Actions Speak What You Want: Provably Sample-Efficient Reinforcement Learning of the Quantal Stackelberg Equilibrium from Strategic Feedbacks

We study reinforcement learning (RL) for learning a Quantal Stackelberg Equilibrium (QSE) in an episodic Markov game with a leader-follower structure. In specific, at the outset of the game, the leader announces her policy to the follower and commits to it. The follower observes the leader's policy and, in turn, adopts a quantal response policy by solving an entropy-regularized policy optimization problem induced by leader's policy. The goal of the leader is to find her optimal policy, which yields the optimal expected total return, by interacting with the follower and learning from data. A key challenge of this problem is that the leader cannot observe the follower's reward, and needs to infer the follower's quantal response model from his actions against leader's policies. We propose sample-efficient algorithms for both the online and offline settings, in the context of function approximation. Our algorithms are based on (i) learning the quantal response model via maximum likelihood estimation and (ii) model-free or model-based RL for solving the leader's decision making problem, and we show that they achieve sublinear regret upper bounds. Moreover, we quantify the uncertainty of these estimators and leverage the uncertainty to implement optimistic and pessimistic algorithms for online and offline settings. Besides, when specialized to the linear and myopic setting, our algorithms are also computationally efficient. Our theoretical analysis features a novel performance-difference lemma which incorporates the error of quantal response model, which might be of independent interest.

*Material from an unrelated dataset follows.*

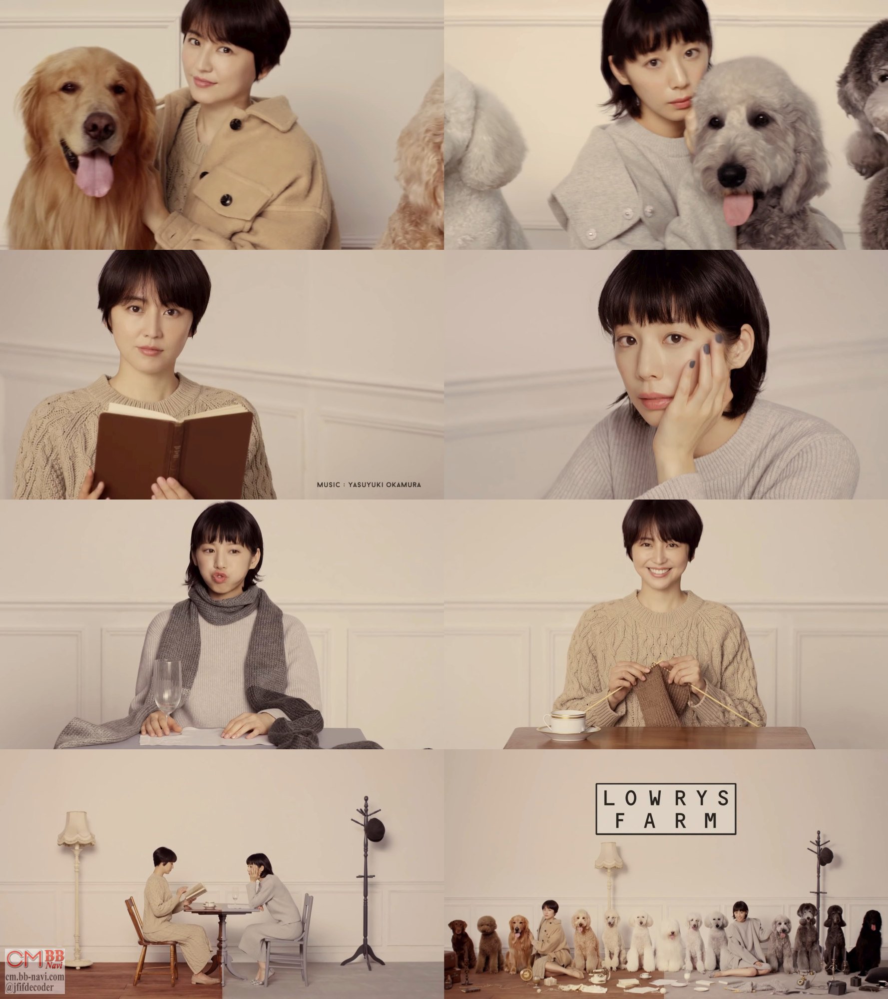ベージュ系の色合いのセーター&スカートの女優の長澤まさみさんと、グレー系のセーター&スカートの女優の夏帆さんがテーブルに向き合って座ったり、編み物をしたり、床に脚を崩して座ったり、最後は同じ色合いの犬達とグラデーションのように一緒に床に並ぶ、ファッショナブルなローリーズファームの限定配信中のCM 1分版です。

翻译：我们研究在具有领导者-跟随者结构的回合制马尔可夫博弈中学习量纳什斯塔克尔伯格均衡（QSE）的强化学习（RL）问题。具体而言，在博弈开始时，领导者向跟随者公布其策略并承诺执行该策略。跟随者观察到领导者的策略后，通过求解由领导者策略诱导的熵正则化策略优化问题，采用量反应策略。领导者的目标是通过与跟随者交互并从数据中学习，找到能产生最优期望总回报的最优策略。该问题的关键挑战在于领导者无法观测跟随者的奖励，只能从跟随者针对领导者策略所采取的行动中推断其量反应模型。我们在函数近似框架下，针对在线和离线两种设置提出了样本高效的算法。我们的算法基于：（i）通过最大似然估计学习量反应模型；（ii）采用无模型或基于模型的RL解决领导者决策问题，并证明了这些算法具有次线性遗憾上界。此外，我们量化了这些估计量的不确定性，并利用该不确定性实现在线和离线设置下的乐观与悲观算法。当算法特化为线性且短视场景时，其计算效率同样得到保证。我们的理论分析提出了一种考虑量反应模型误差的新型性能差异引理，该引理可能具有独立的研究兴趣。